Accounting Standards Convergence
"Financial reporting has become overly complex," says Christopher Cox, SEC chairman. "That means not only are financial statements difficult for investors to understand, but also companies incur excessive costs as a result of complying with voluminous and overly prescriptive accounting and reporting rules." SEC is working on a number of initiatives to ease these pressures, one of which is on the international front: Expediting the convergence of U.S. Generally Accepted Accounting Principles (GAAP) with IFRS. The transition to a more objectives-oriented set of standards similar to IFRS has been progressing steadily since a concept release in 2000. In that release, the SEC outlined a framework for the convergence process. The goal of the transition, as outlined by the SEC, is to reduce complexity, increase clarity and transparency, and minimize what it referred to as "accounting-motivated structured transactions."
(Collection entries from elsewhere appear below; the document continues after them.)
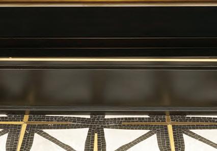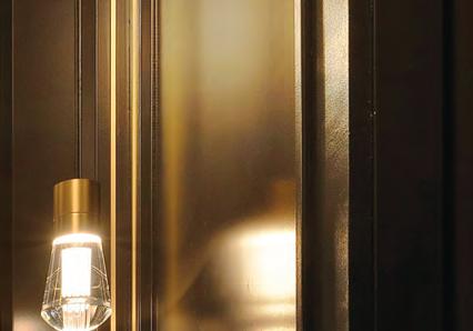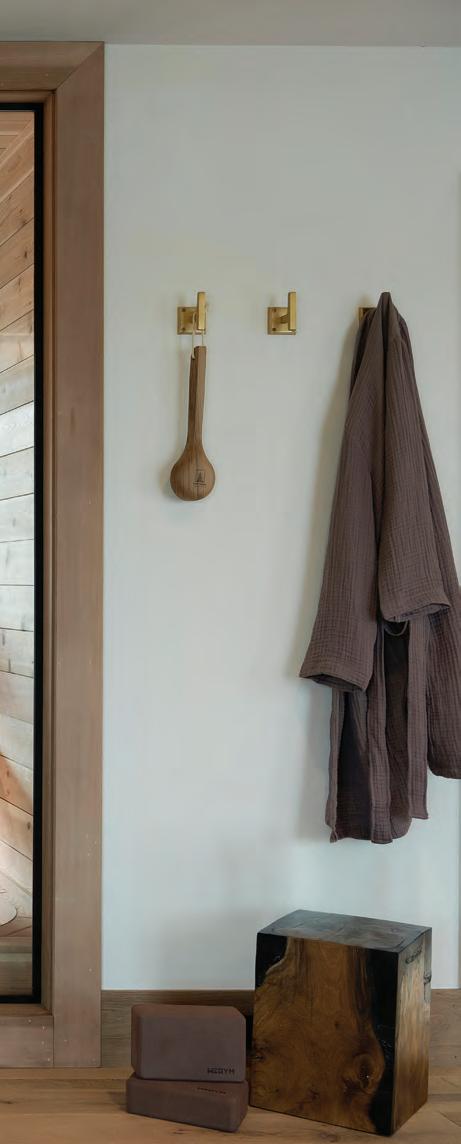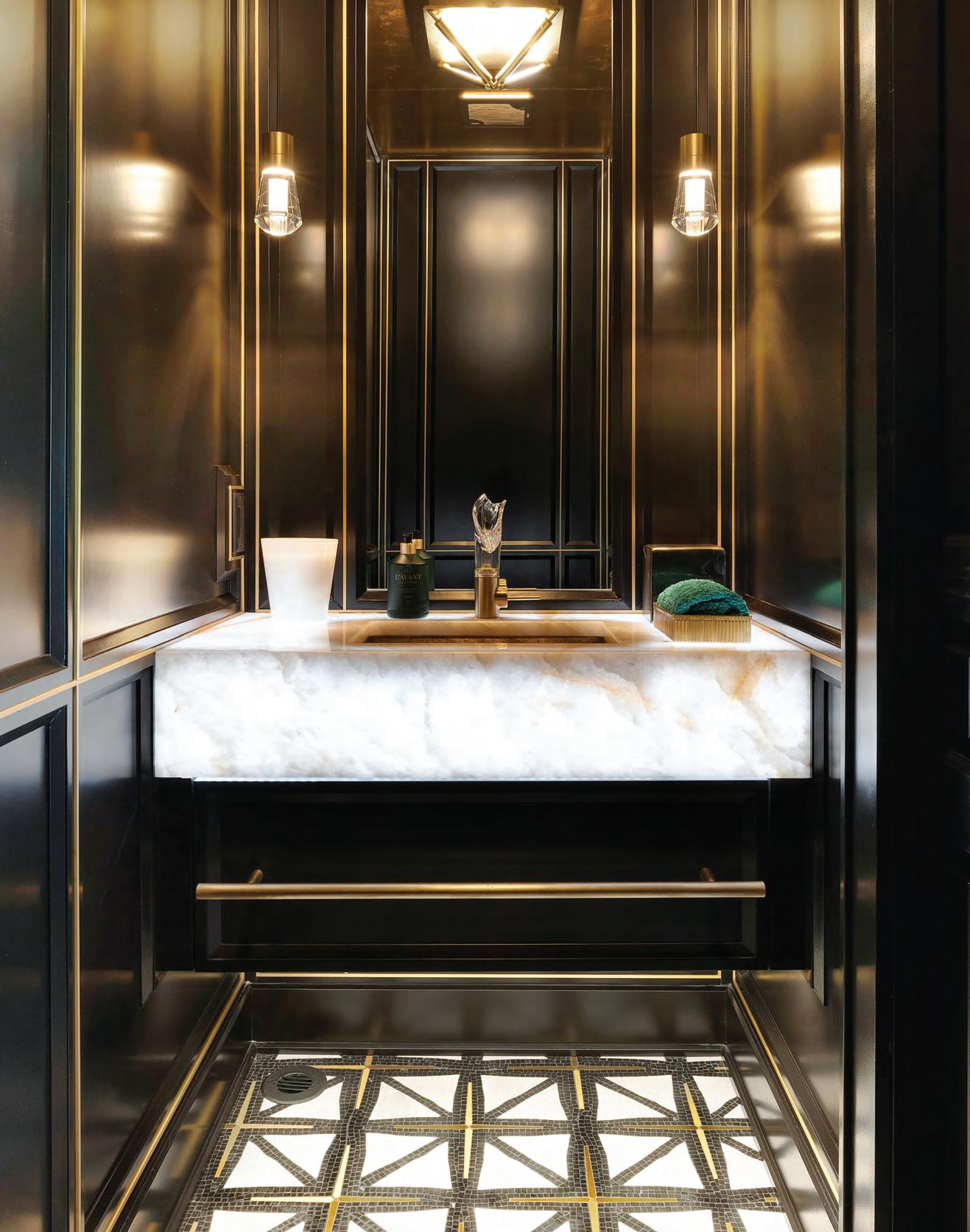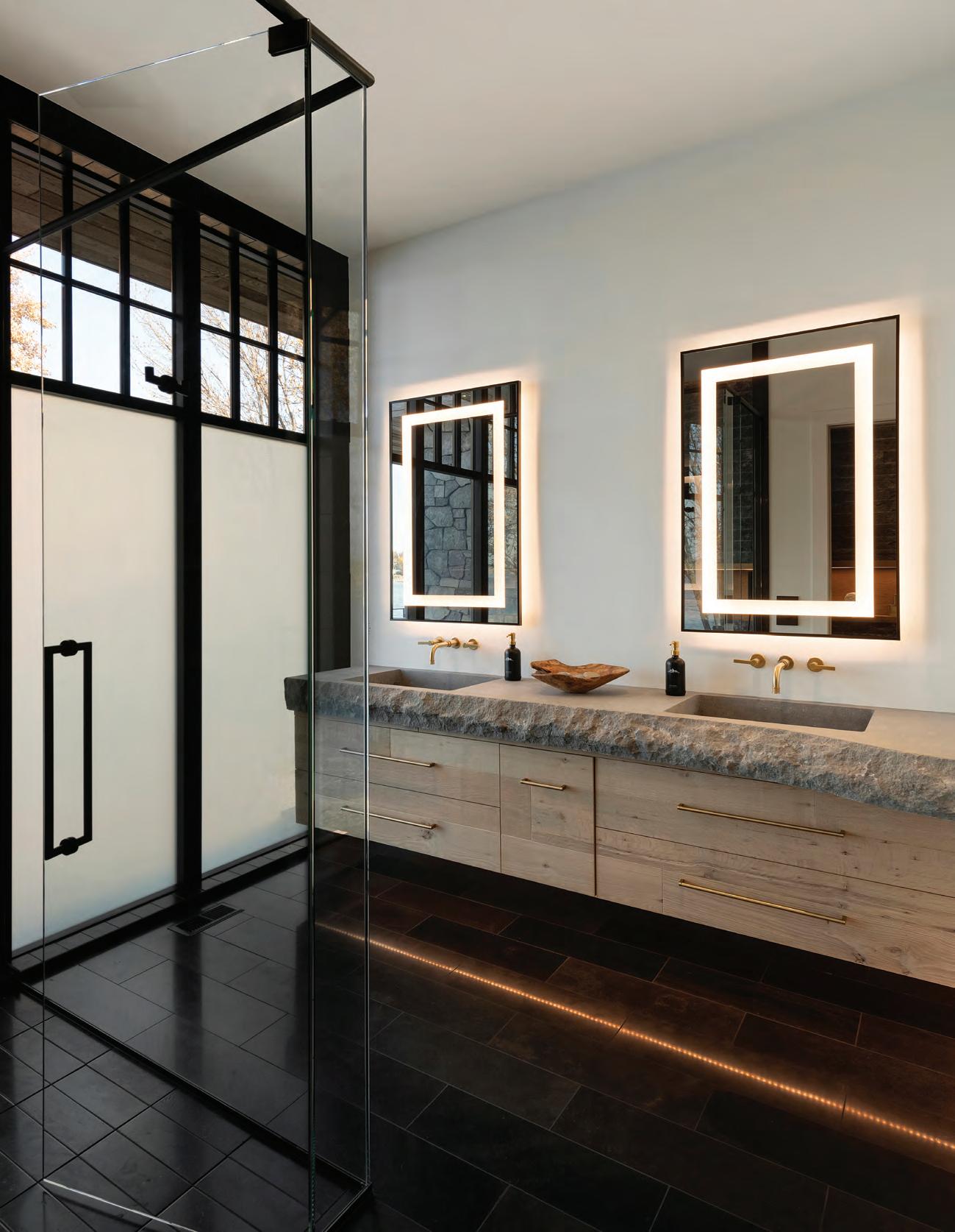 Upstairs, the primary bathroom—also the victim of a slapdash makeover—needed attention. It had a good layout, plenty of light and vaulted ceilings; so Weekley Elioff focused on updating the finishes and improving function. A custom vanity with one sink, per the Joneses’ wishes, and plenty of counter space and storage to fit snugly between the walls (adding a new half shower wall on one side) was installed. The space was polished off with Corian shower sills, glossy Zelligeinspired herringbone tile, retro single-globe sconces and water-resistant brushed nickel fixtures that are low maintenance. A bench, grab bar and handheld showerhead, along with nonslip floor tile, address safety and age-in-place considerations.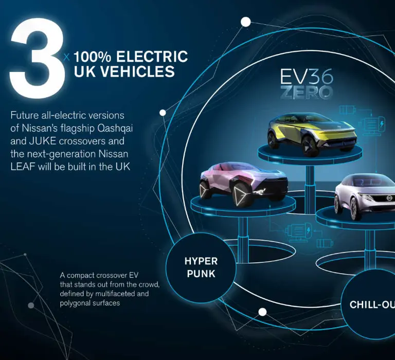 Nissan’s blueprint for future manufacturing, will consist of three electric vehicles (EVs), three gigafactories and up to £3bn investment.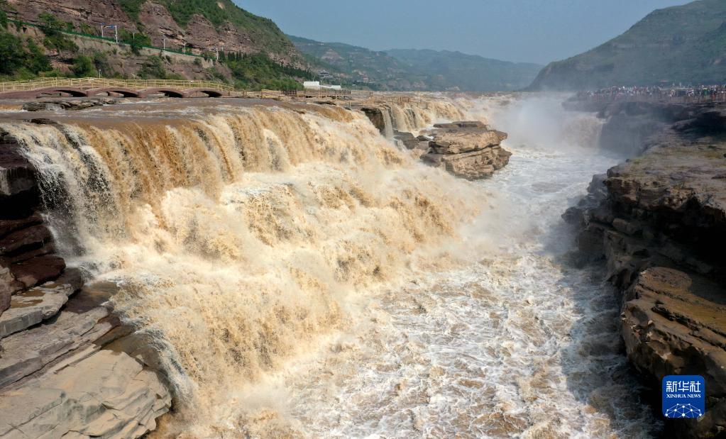 近日,受上游降雨和水庫調節放水影響,黃河壺口瀑布主副瀑布連成一線,滾滾黃河水奔騰而下,吸引游客駐足觀看。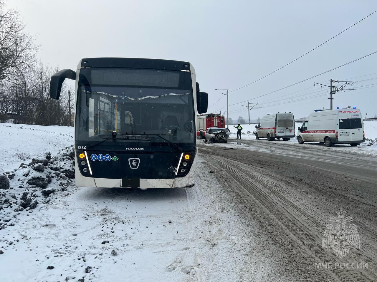 В Кирове столкнулись автобус и легковушка: пострадавших из салона доставали спасатели
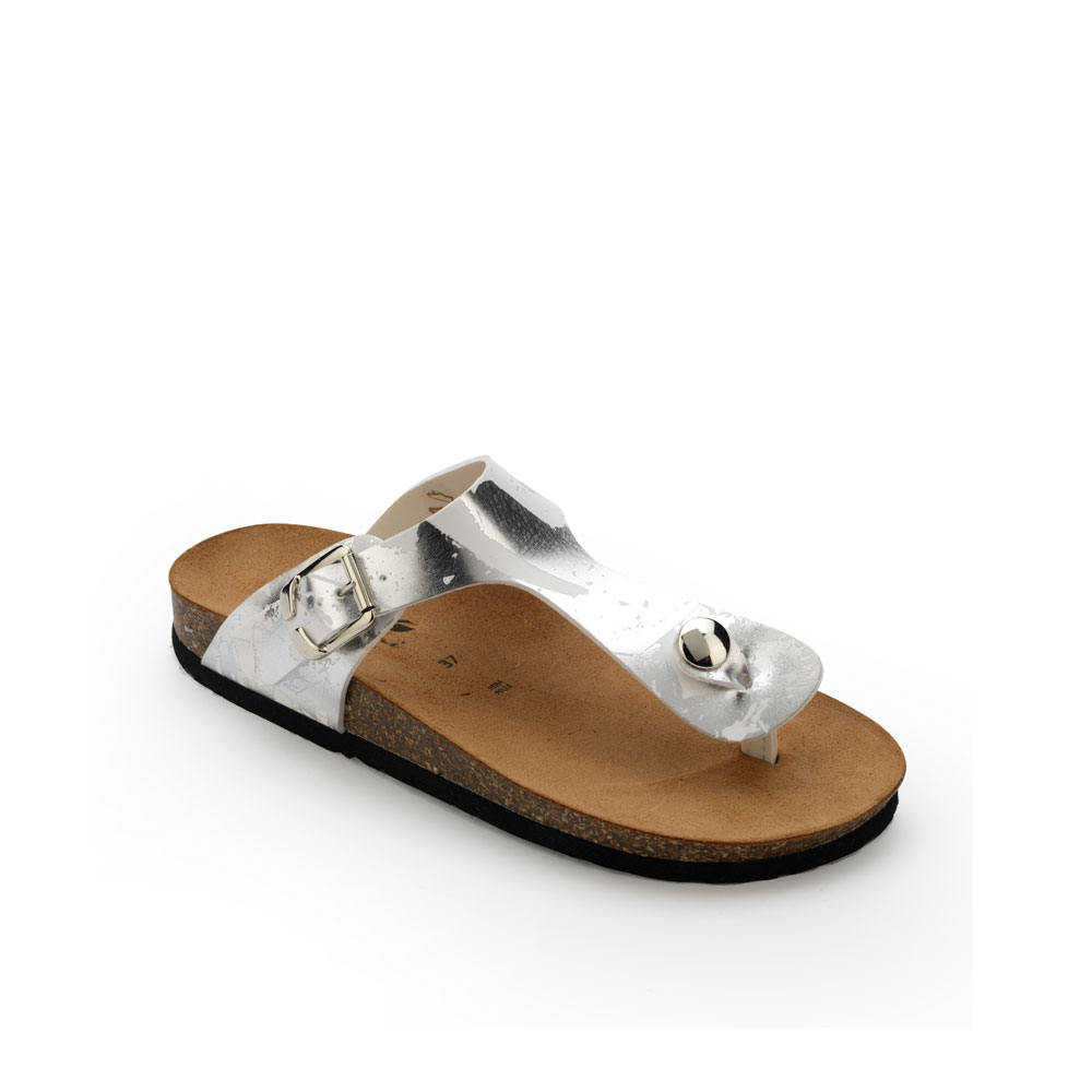 Infradito in pvc laminato con zeppa bassa in sughero.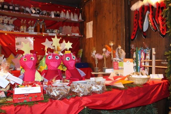 Auch dieses Jahr teilte sich die BFL einen Stand mit dem Jugendhaus „BOING“. Dank der tatkräftigen Unterstützung der Beschäftigten und Angehörigen und vielen weiteren Unterstützern der BFL, konnten wir ein breites Band an verschiedenen Geschenkartikeln und Köstlichkeiten anbieten. Von gestrickten Socken, über Holznikoläuse bis hin zu vielen verschiedenen Marmeladen und Weihnachtsplätzchen war alles dabei.

The convergence process has been ongoing, but some questions are beginning to arise as to whether convergence has come far enough that U.S. markets can accommodate both sets of standards. The FASB-IASB convergence process is unique, compared with the convergence process in other countries where IFRS is increasingly accepted as the global standard for financial reporting. Rather than just reducing differences to achieve convergence, in the United States the FASB-IASB process focuses on achieving the highest-quality standards. Furthermore, convergence does not necessarily mean that the two sets of standards will produce the same exact results. As described by Donald T. Nicolaisen, chief accountant of the SEC, "It is necessary that convergence result in close alignment of the accounting for the same, or essentially the same, transactions; generally comparable results in trends; a continued cooperative will to reduce differences over time; as well as the transparent understanding of any significant differences."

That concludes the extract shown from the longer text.